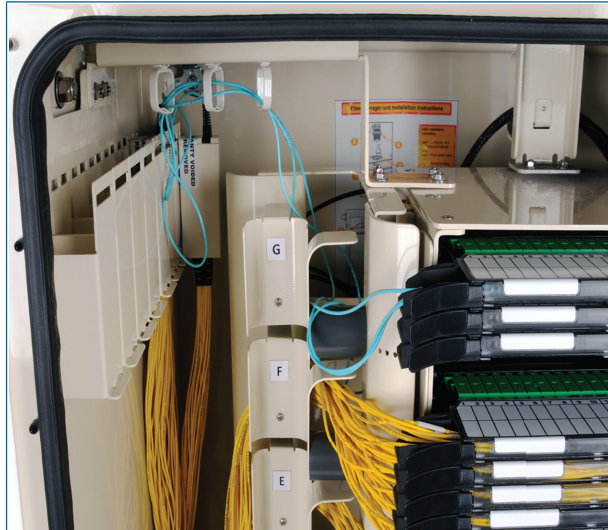
OptiText HD Cabinet, 896-Fiber, Pad Mount (Splitter Array) | Photo CRR2421
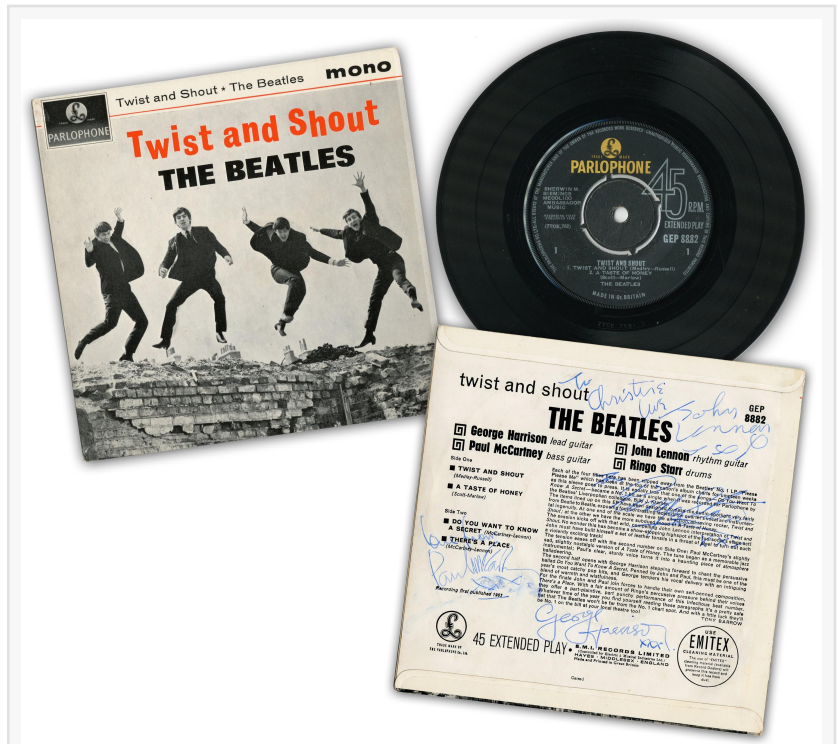
Rare first UK pressing of the Beatles' debut EP, Twist and Shout, signed by all four Beatles on the cover (est. $16,000-$18,000). The four-song EP is on the Parlophone (UK) label.

The preminent Civil War related item, an April 2, 1861 missive from Confederate Secretary of War Leroy Pope Walker to P.T. Beauregard, commander of Fort Sumter, is sure to elicit interest from collectors. Aficionados will also appreciate the World War II materials, including historical documents related to the Enola Gay, Bockscar, Colonel Paul W. Tibbets, and the Atomic Bomb.
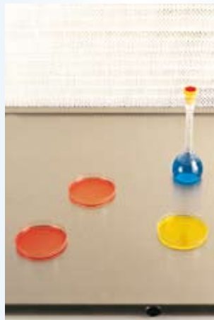
Working bench in stainless steel, easy to clean
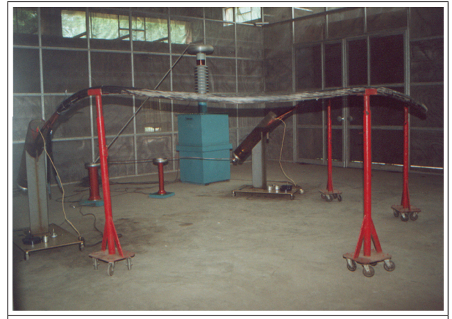
PARTIAL DISCHARGE TEST SET UP
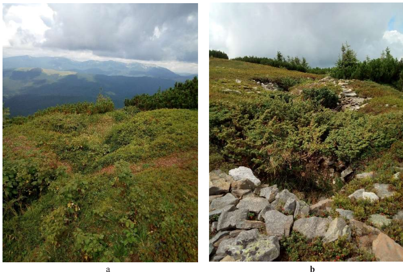
Fig. 5. Fragments of the fortification line on the summit of the Chorna Klyva mountain. a – turf covered line of entrenchments in front of the view of the Dovbushanka ridge (Gorgany range); b – turf covered fire-point trenches

served as a command point. A fragment of the road cut into the slope and strengthened with stone retaining walls is observable between the two locations.
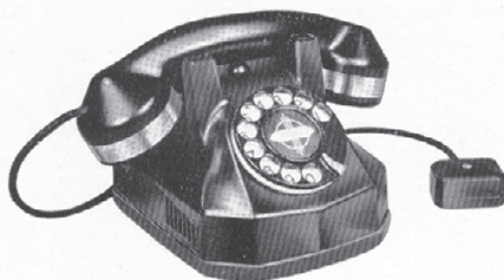
Type 34A3B Monophone—Automatic Cat. Nos. AA-65 and AA-66

Because of its popularity with both the operating man and the telephone subscriber, many companies in recent years have standardized on the Type 34A3 Monophone for all installations where a self-contained desk-type instrument can be used. For such companies, we now offer a new instrument combining the basic design features of the Type 34A3 Monophone with the improvements provided in the new Type 41 Monophone handset. The base of the Type 34A3B Monophone is identical with that of the Type 34A3, except that the base molding is especially shaped to accommodate the Type 41 handset. Thus, the telephone company retains the advantages of standardization in circuit and in most of the major components; the use of the new handset results, however, in marked improvement in transmission quality and volume, and provides better comfort and "feel" in use.
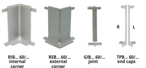
RIB... 60/... internal corner REB... 60/... external corner GIB... 60/... joint TPB... 60/... end caps

*** = Production on demand with minimum quantity of 80 Pcs. Production delay 4/5 weeks. Price to be agreed
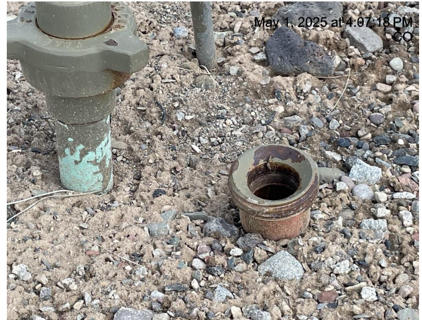
Photo # 8373 Unused flowline at wellhead lacks lockout tagout (OOSLAT) (Additionally the flowline is open ended & constitutes a wildlife hazard - JOLLEY 31A)

====

● **Task requirements**
Within the data, tally each line containing the string "point". Answer with the number by itself.

● **Task output**
2